An example of an exp and a log respectively from my personal library of bit hacks:

    bit_cast<float>((int32_t)(fma(12102203.2f, x, 0x3f800000)));

    bit_cast<float>((uint32_t)(-0x3f800000 - 36707.375f*x)) + 7;
It’s a delicate balance and really hard to benchmark. You can write a micro benchmark that keeps the lookup table in cache but what if your function isn’t the only thing being done in a loop? Then even if it’s in the hotpath, there’s insufficient cache to keep the table loaded the entire way through the loop and lookup is slower.

TLDR: it depends on the usage and we actually should have multiple functions that are specialized based on the properties of the caller’s needs where the caller can try a cache or compute approach.

It may be, especially when it comes to unnecessary cache. But I think `atan` is almost a brute force. Lookup is nothing comparing to that.

Sin/cos must be borders of sqrt(x²+y²). It is also cached indeed.

What do you mean brute force?

We can compute these things using iteration or polynomial approximations (sufficient for 64 bit).

There is a loop of is it close enough or not something like that. It is a brute force. Atan2 purely looks like that to me.
It’s not just guessing, there is theory to prove convergence and rates of converge.

Many algorithms require iteration.

I don't think these functions are programmed as it looks like they are in their Math form. Atan2 is something like a line-to rotating, if the given point is close to any pixel of line-to, returns how many times the line to is rotated. It is almost a motion but an algorithm. This is why I'm telling it is a brute force.
> Sin/cos must be borders of sqrt(x²+y²). It is also cached indeed

This doesn't make a ton of sense.

In what way do you think a sin function is computed? It is something that computed and cached in my opinion.

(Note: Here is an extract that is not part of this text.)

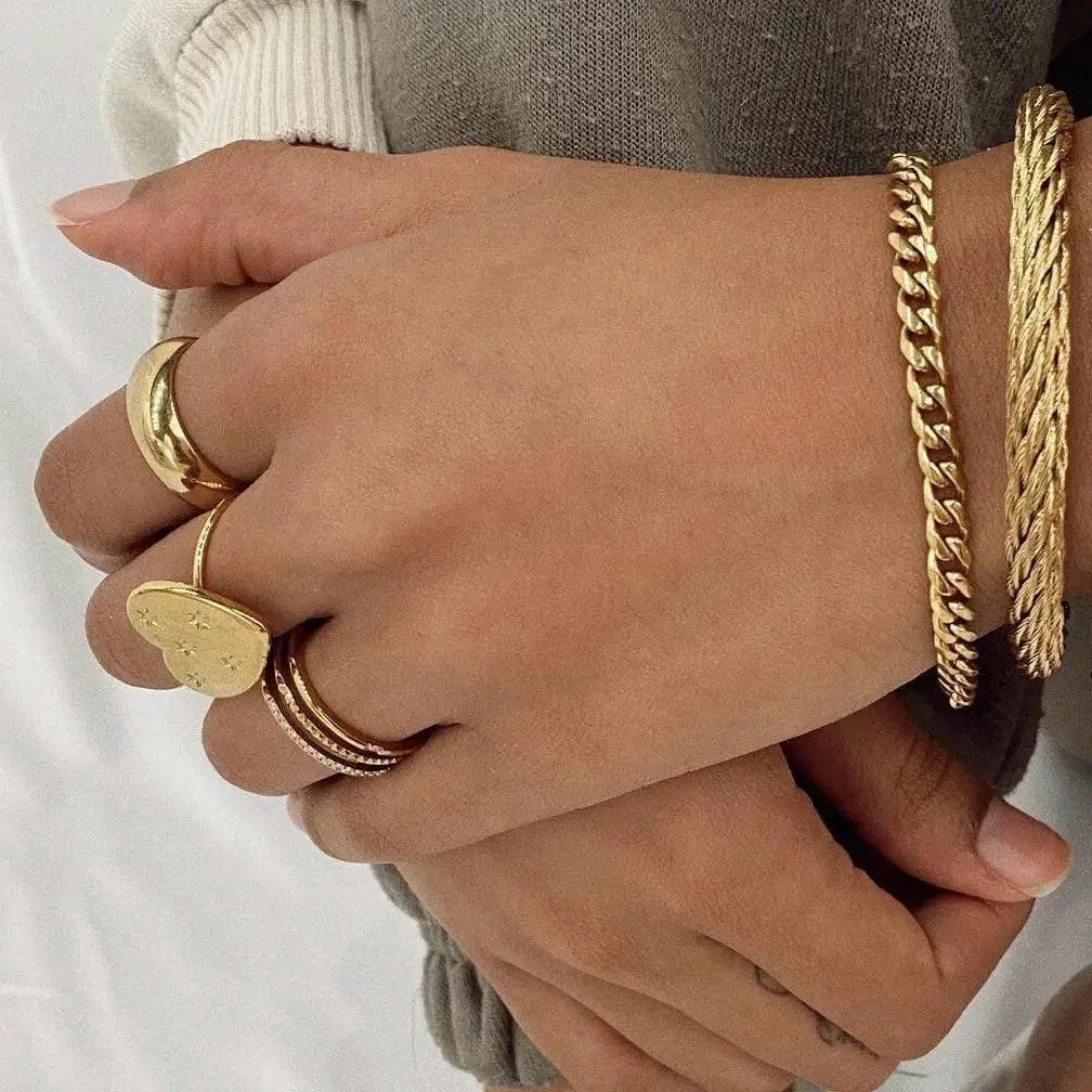 Chunky Cuban chain links connect to make the perfect bracelet with a bit of edge.Β

I think it is stored like sintable[deg]. The degree is index.

> In what way do you think a sin function is computed?

In some way vaguely like this: https://github.com/jeremybarnes/cephes/blob/master/cmath/sin...

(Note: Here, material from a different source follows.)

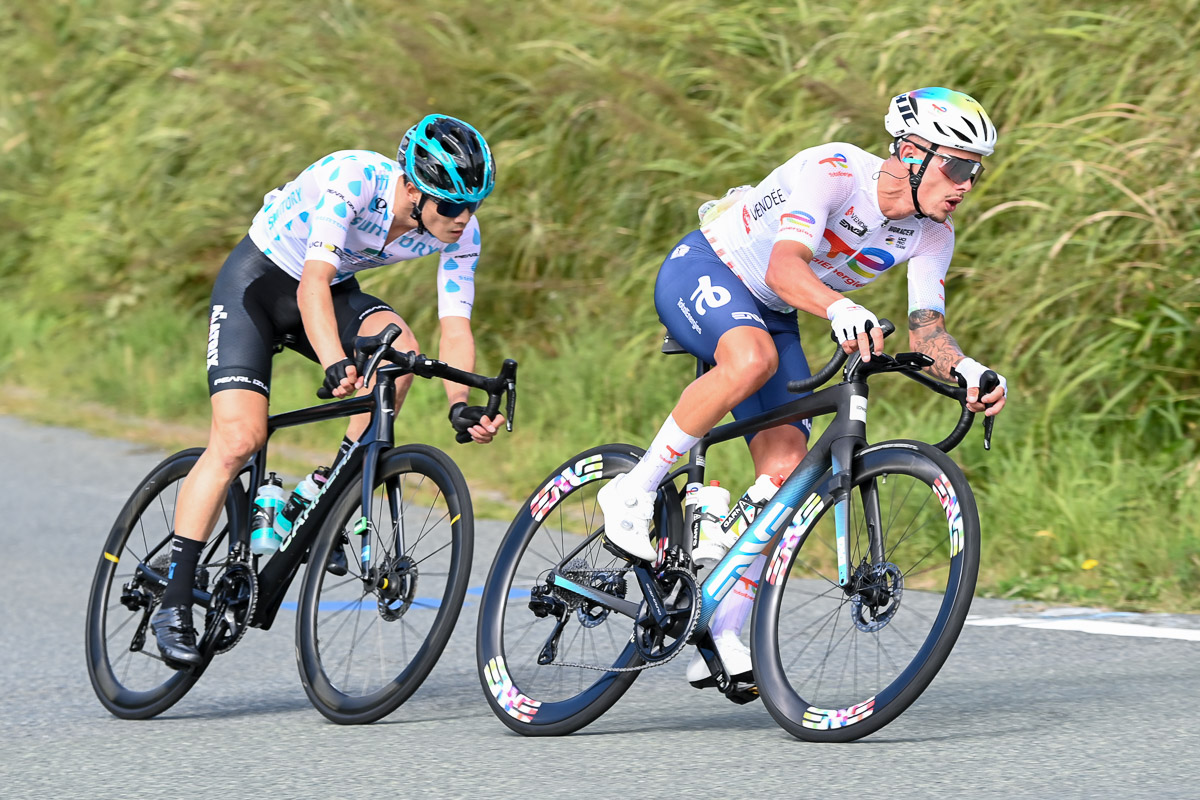周回1周目で先行したトマ・ボネ(トタルエネルジー)と山岳賞ジャージの織田聖(マトリックスパワータグ) photo:Satoru Kato

> I think it is stored like sintable[deg]. The degree is index.

I can think of a few reasons why this is a bad idea.

1. Why would you use degrees? Pretty much everybody uses and wants radians.

2. What are you going to do about fractional degrees? Some sort of interpretation, right?

3. There's only so much cache available, are you willing to spend multiple kilobytes of it every time you want to calculate a sine? If you're imagining doing this in hardware, there are only so many transistors available, are you willing to spend that many thousands of them?

4. If you're keeping a sine table, why not keep one half the size, and then add a cosine table of equal size. That way you can use double and sum angle formulae to get the original range back and pick up cosine along the way. Reflection formulae let you cut it down even further.

There's a certain train of thought that leads from (2).

a. I'm going to be interpreting values anyway

b. How few support points can I get away with?

c. Are there better choices than evenly spaced points?

d. Wait, do I want to limit myself to polynomials?

Following it you get answers "b: just a handful" and "c: oh yeah!" and "d: you can if you want but you don't have to". Then if you do a bunch of thinking you end up with something very much like what everybody else in these two threads have been talking about.

It isnt good idea to store such values in code. I think it is something that computed when a programming environment is booting up. E.g. when you run "python", or install "python".

I try to understand how Math.sin works. There is Math.cos. It is sin +90 degrees. So not all of them is something that completes a big puzzle.

There's no nice way of saying this, and I mean no malice here, but I think you're exceptionally confused or ignorant, and I don't think it would be rewarding for either of us to continue this conversation.
atan(x) = asin(x / sqrt(1+x*x))
So the asin is brute force. I think it is `atan` function. Written article explains nothing. Sqrt is also like that.

It looks like there is a reasonable explanation when it is written math form but there is no.